A few scattered thoughts, as I have not taken the time to really think them through - yet:
I’ve read, in sundry places, that the destruction of idols is a necessary thing for true spirituality and worship of the One True God.
In a way, that saddens me: in a way. I’ve found over the years that of the two 'Ways" - via negativa or via positiva, also known as the Way of the Destruction of Images and the Way of the Affirmation of Images (and there are other ways of stating it), I have always gravitated to the Affirmation end of the scale.
Question for self: Difference between Image and Idol? Eastern Orthodoxy and the Icon?
For some thinkers, the world by necessity is dis-enchanted by the coming of the true God. All lesser gods, all other claims to ultimate concern must be banished. I’ve always felt that the world needs to be re-enchanted. I suppose that is the main reason I read a lot of fantasy, most often by a Christian author who is familiar with the medieval world-view. “The Discarded Image” by C.S. Lewis, which I read a number of years ago, revealed to me the richness of the Roman and medieval imagination in peopling the earth with a wide and fascinating number of spirits and sprites and longevae and a myriad other beings.
I relate to that, a lot. How comforting for people who were taught the High God was so high, so remote, so unapproachable, to have, say, a god of the hearth; a god of the road outside one’s home; a goddess of the orchard, of the woods, of the streams, of the bedroom, of the bath, of the table.
And I think that each of those ‘gods’ were part of a myth that carried strong emotional resonance - folks felt that the hearth should be comforting, as it was looked over by a god or goddess; and that the table should be a place of comfort and togetherness and hospitality for the same reason. And that in some way each of the ‘gods’ was an Icon, not an image, of the High God, so could be related to emotionally with safety.
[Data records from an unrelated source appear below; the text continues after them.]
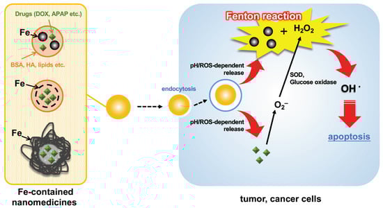 ROS are regarded to cause intracellular lipid peroxidation, leading to ferroptosis. Therefore, the Fenton reaction has been challenged for use in directly attacking cancer cells, but it is difficult to treat them because of the low amounts of generated OH• [71]. In recent years, various nanoparticles that enhance the effectiveness of Fenton reactions for drug applications (nanomedicines) have been reported. A simple scheme is depicted in Figure 4. Previous reports on such an approach have already been well reviewed by Meng et al. [72], Ranji-Burachaloo et al. [73], and Miyazawa et al. [74], so the present review focuses on very recent reports (from 2020) on nanomedicines using the Fenton reaction.
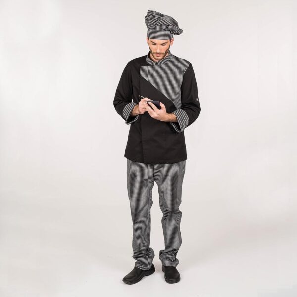 Confeccionado en PLANA de cuadros blancos y negros de luto (50% Poliéster - 50% Algodón).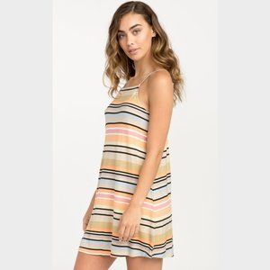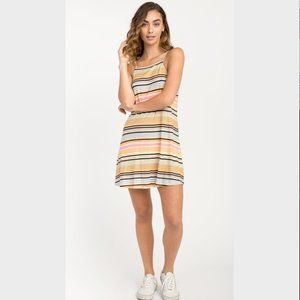 A soft dress with a silicone softner for a comfortable feel. Radiate joy and youth with it's colorful striped print and adjustable spaghetti straps. It also has a flattering halter top and a v-cut back neckline with strap detailing. Perfect for casual wear and the beach.
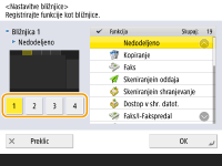Na zaslonu <Domov> lahko ustvarite bližnjični gumb za funkcije. S tem gumbom lahko dostopate do druge funkcije, ne da bi se bilo treba vrniti na zaslon <Domov>. Če želite ustvariti bližnjico, se prijavite s skrbniškimi pravicami.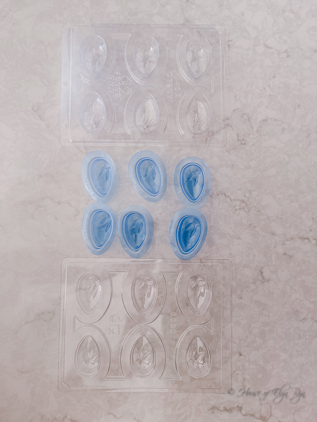 - Once hardened, remove the top mold and carefully pull out the individual molds. Carefully peel off the blue liners from the chocolate to reveal the perfect egg shells.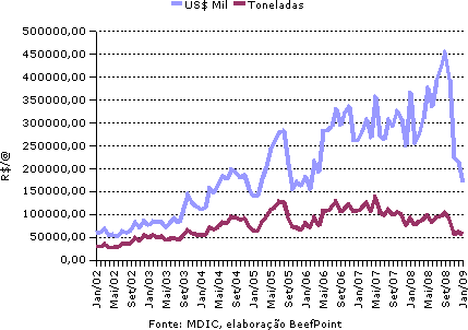 Em janeiro as exportações brasileiras de carne bovina in natura atingiram o volume de 56.600 toneladas e receita de US$ 168,5 milhões. Este volume o mais baixos desde fevereiro de 2004 - quando o Brasil enviou 54.201 toneladas ao exterior.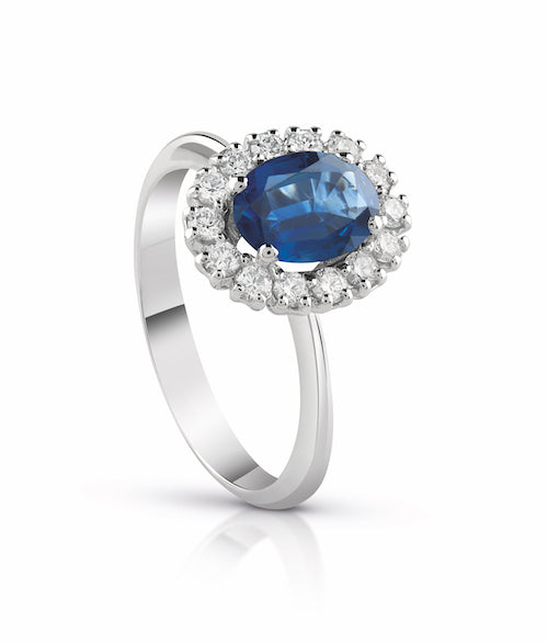 Anello fascia in oro bianco 750 con zaffiro ceylon naturale non trattato e diamanti a pavè

A walk in the woods, jumping over a stream, hearing the thunder, reaping a harvest - all part of an enchanted world.
I think Lewis stated somewhere in that book that sure, that old world-view is not true, but that he knew it to be fuller, richer, more holistic than ‘our’ world.
I was joking with a friend some time ago, that I interpret life through the Lord of the Rings and the Silmarillion, (though really I wasn’t joking, just fishing for a response) and he looked at me seriously and said he fully understood, but for him it was the Narnia Chronicles. Selah.
For me as well, at 65 yrs, I’m into Gnomes. Not stupid silly gnomes, but the real thing (!), like in the big Gnome book that came out 20 years or more ago, by Wil Huygen. I had a weather vane made for my wife one year, a gnome with a red peaked hat, pushing a garden cart - my wife is a great garden cart pusher - it looks great on top of the house and gets some comments. It’s one of our little household - what do I say? - it’s like a reminder of the metanarrative that is the Bagwill family - in the garden, caring for animals, we both love the giant Sequoia in the corner of the property, there’s an old cowboy-built barn that I have converted to a luthiery shop - I can imagine that the household gods of yore served much the same purpose. We entrust to the icon our story, and when we feel empty, the icon brings back the story and we once again feel in the stream of life.
Do you have such icons or images or household ‘gods’ ? Something that is an Affirmation of meaning, of soul, of story?
I’m just rambling here, folks, thanks for the indulgence.